If 5 times the smaller of two numbers is subtracted from twice the larger the result is 16. If the larger is increased by 3 times the smaller, the result is 63. Find the numbers.

let

a = smaller
b = larger

2b - 5a = 16
b + 3a = 63

2b - 5a = 16
2b + 6a = 126

11a = 110
a = 10
b = 33

If THREE times the smaller of two numbers is subtracted from twice the larger, the result is -1. If the larger is increased by two times the smaller, the result is 24. Find the numbers.

Let

sm=a*3=3a
lg=b*2=2b
2b-3a=-1-----eqn 1
b+2a=24----eqn2, then
a=7
b=10.

To solve this problem, let's assign variables to the two numbers. Let's say the smaller number is "x" and the larger number is "y".

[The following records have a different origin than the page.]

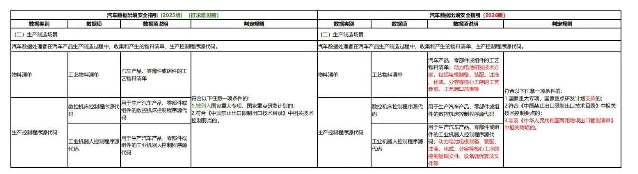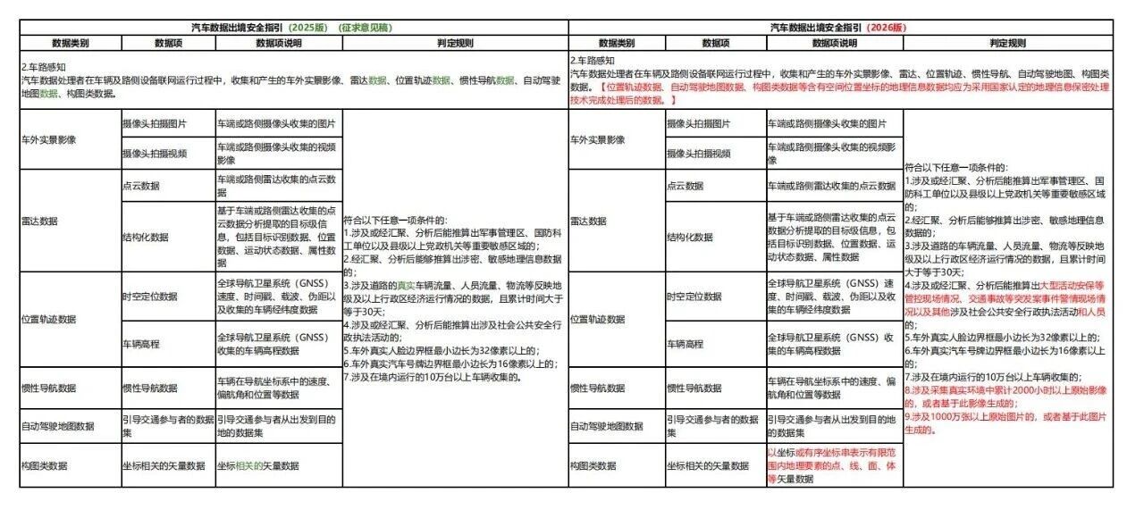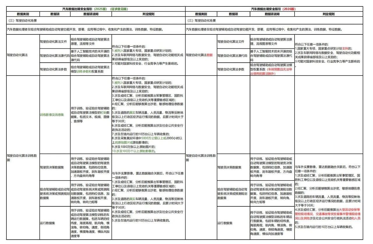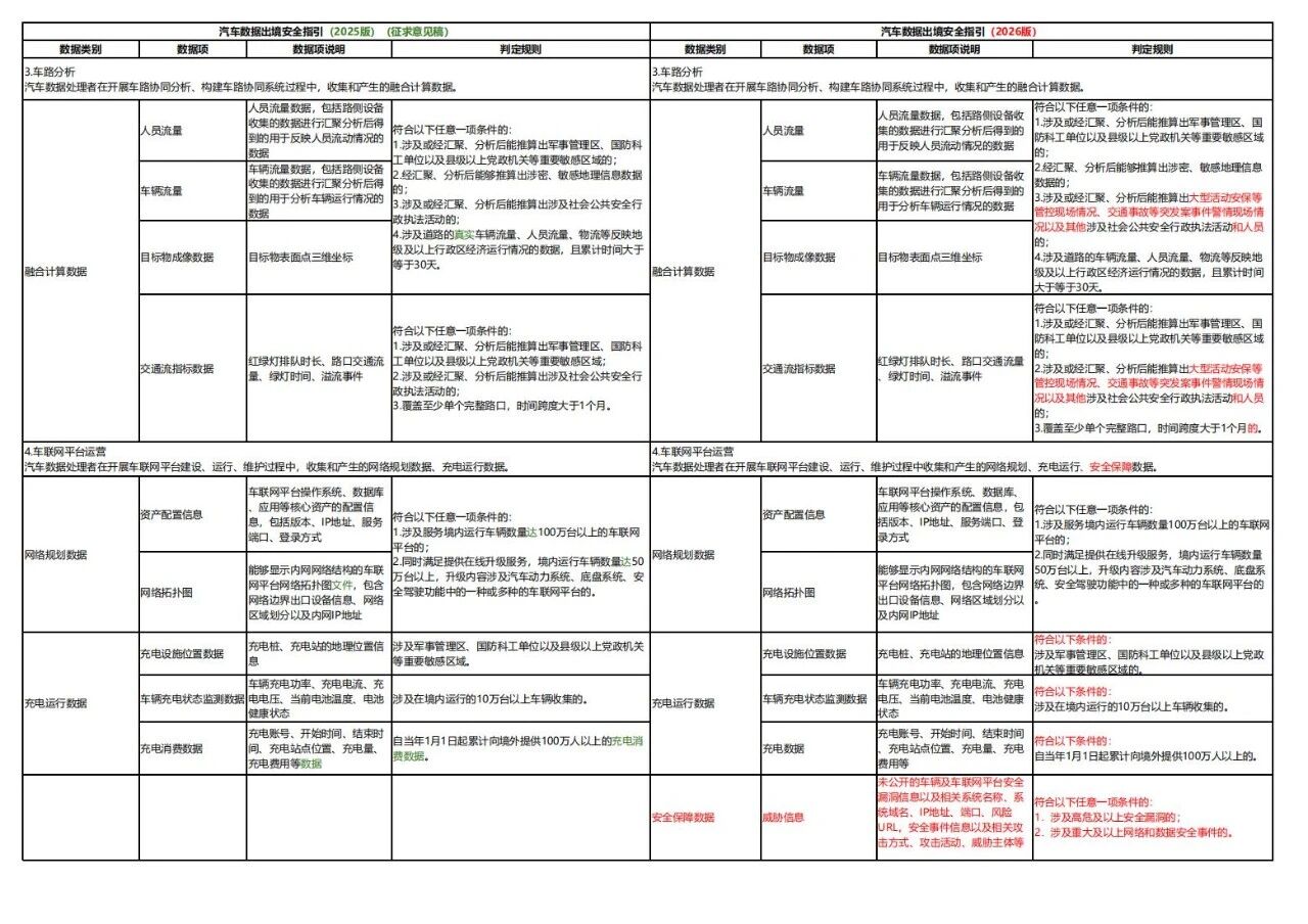 2026版较2025版征求意见稿细化重要数据项、判定规则、出境流程等,并强化动力电池、安全漏洞要求,既保障汽车数据出境安全,也通过明确豁免情形和流程优化,提升企业出境便利化水平,推动汽车产业数据跨境流动“安全与效率”平衡。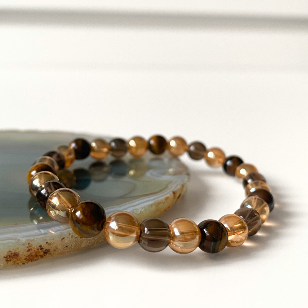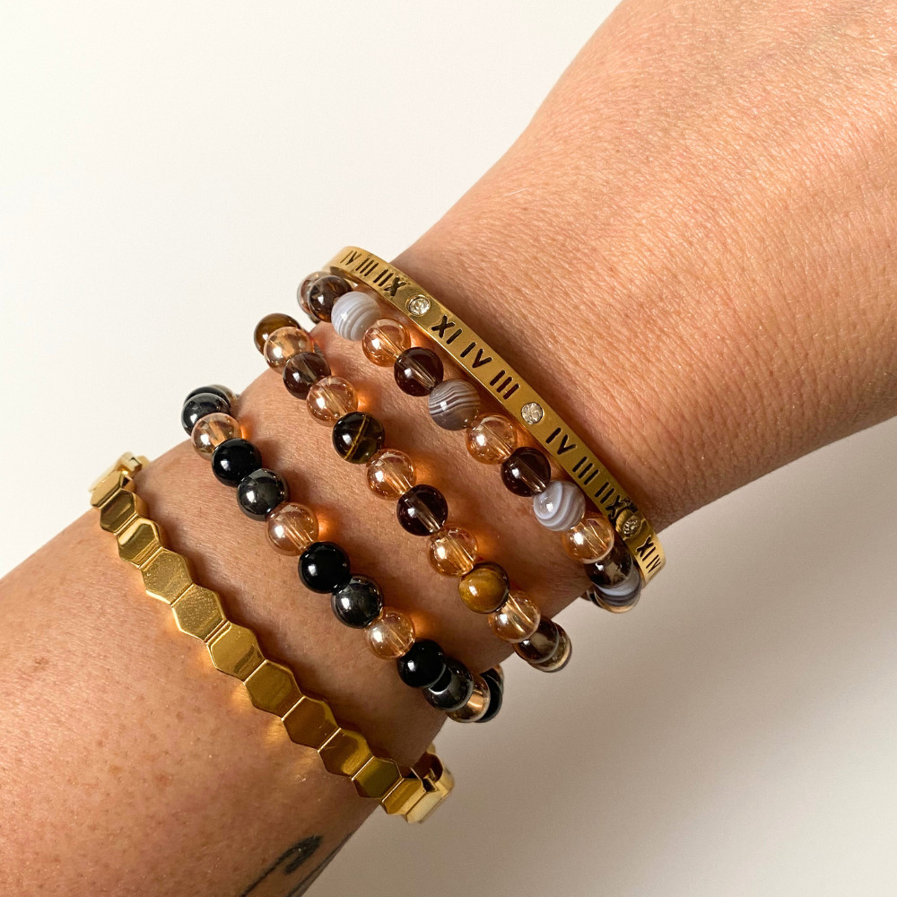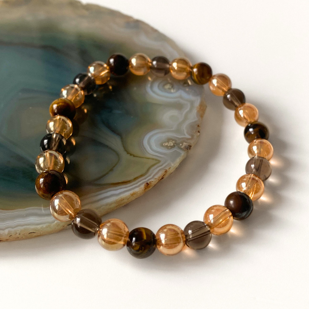 Olyan, mintha a föld meleg színei és a lágy fény találkoznának egy karkötőben, stabil, földelt, mégis életteli.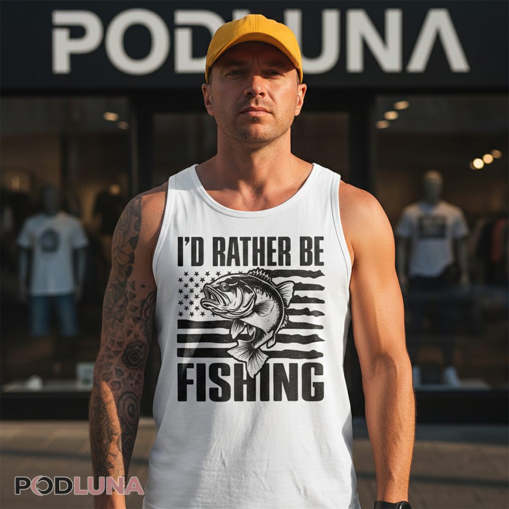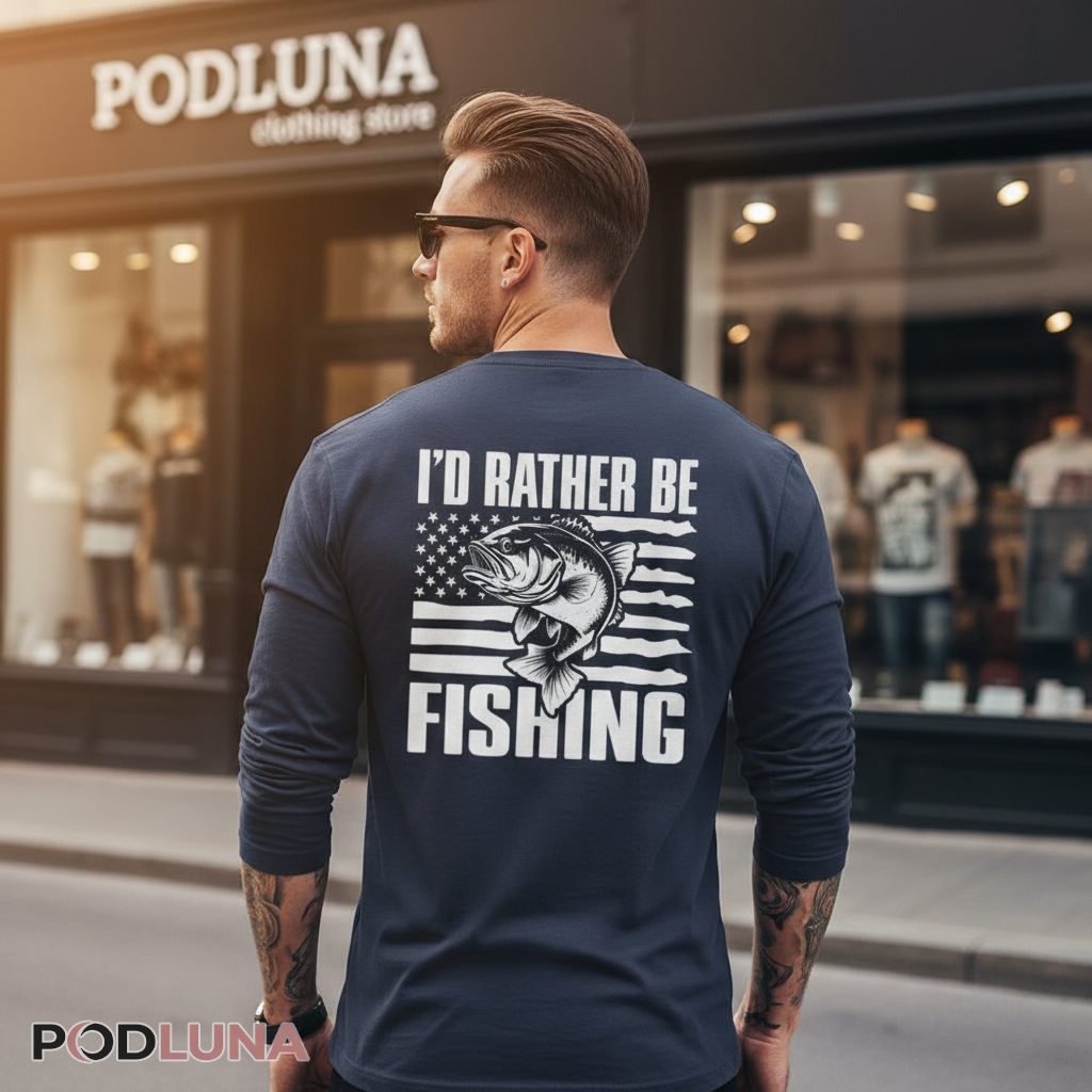 Sneaking out before dawn while the family sleeps to catch the morning bite, cutting work meetings short when conditions are perfect, and teaching kids that some priorities—like quality time with a rod on tournament-worthy bass waters—matter more than society’s expectations. Fishing dads live by a code where family comes first, but a close second is the lake calling their name. This shirt speaks that truth without apology, designed for fathers who’ve built their identity around bass fishing and see no reason to pretend otherwise. Podluna’s I’d Rather Be Fishing Bass American Flag Shirt gives fishing fathers permission to wear their priorities proudly, combining patriotic imagery with the singular focus that defines devoted angler dads. The leaping bass and flowing stars-and-stripes create a visual language fathers recognize instantly—American bass fishing heritage that they’re actively preserving by introducing their own children to the sport. Bass fishing dads wear this to Father’s Day cookouts where everyone already knows where he’d rather be, weekend tournaments where the shirt becomes a conversation piece among fellow fishing fathers, casual family outings where kids point to dad’s shirt and laugh because they know it’s absolutely true, or any setting where a father wants the world to understand that his greatest joy isn’t found in boardrooms or shopping malls but in pursuing American largemouth bass—and that honest declaration is what makes him exactly the dad his family needs.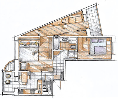 Today we present the apartment that architect Valentin Kuzmin designed for himself. In doing so, she had to take into account the constraints: area - 64,2 m2 total, including two balconies, inconvenient layout, as evidenced by the plan, and a number of construction defects. However, for arranging their own homes any architect is ready to go for risky experiments, even with a small budget, and therefore uses a much larger arsenal of techniques.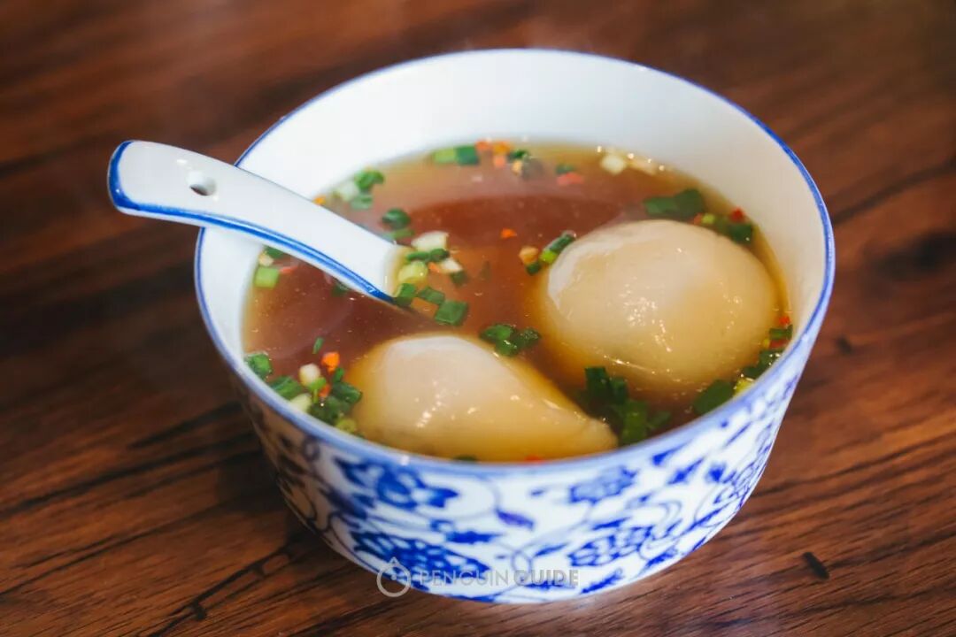 正宗的汤团要用「七日粉」做,就是将糯米浸泡七天然后晒干磨粉,这样和出来的面才能薄而不破,软韧适中。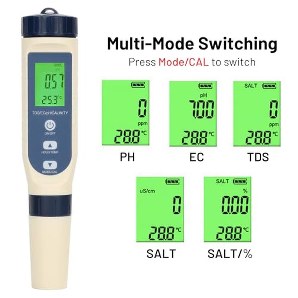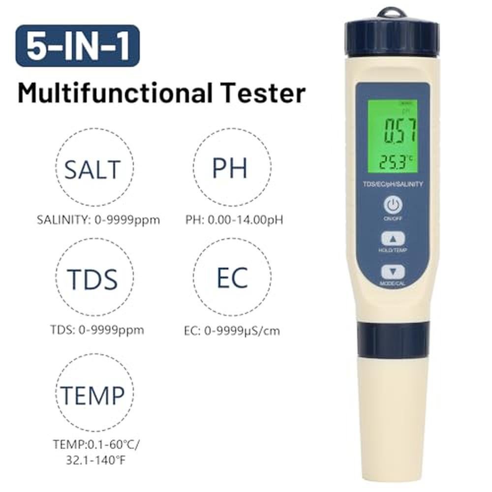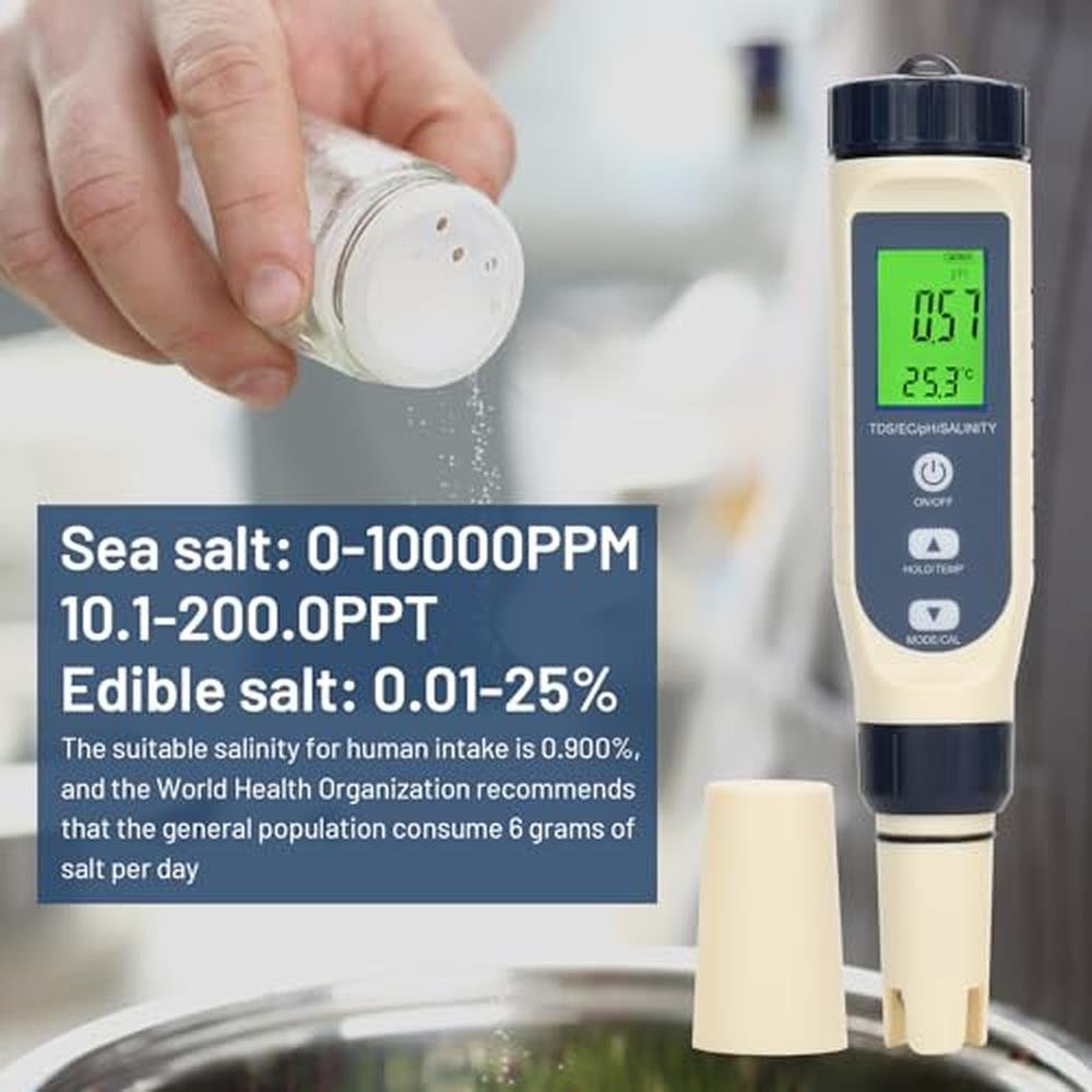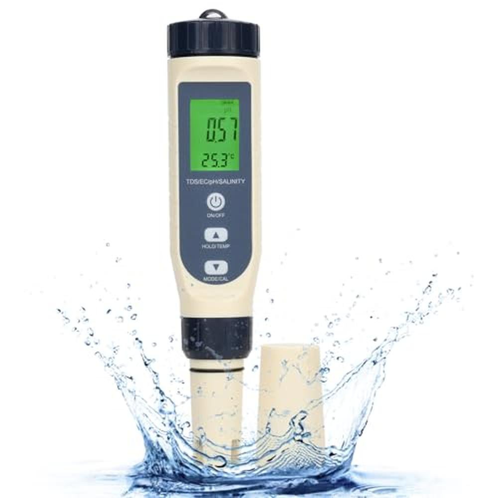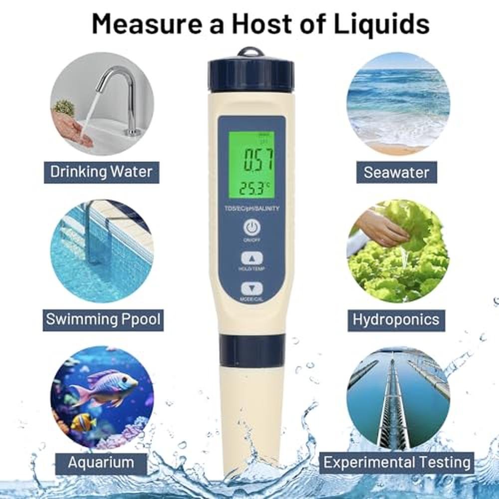 - VERSATILE 5-IN-1:Pool thermometer Measures salinity (0-9999ppm), pH (0.00-14.00), TDS (0-9999ppm), EC (0-9999S/cm), and temperature (32.1-140F) for comprehensive water quality testing

According to the problem, "5 times the smaller of two numbers is subtracted from twice the larger, the result is 16." This can be written as:

2y - 5x = 16 ... Equation 1

The problem also states that "the larger is increased by 3 times the smaller, the result is 63." This can be written as:

y + 3x = 63 ... Equation 2

Now we have a system of two equations (Equation 1 and Equation 2) and two variables (x and y). We can solve this system using the method of substitution or elimination.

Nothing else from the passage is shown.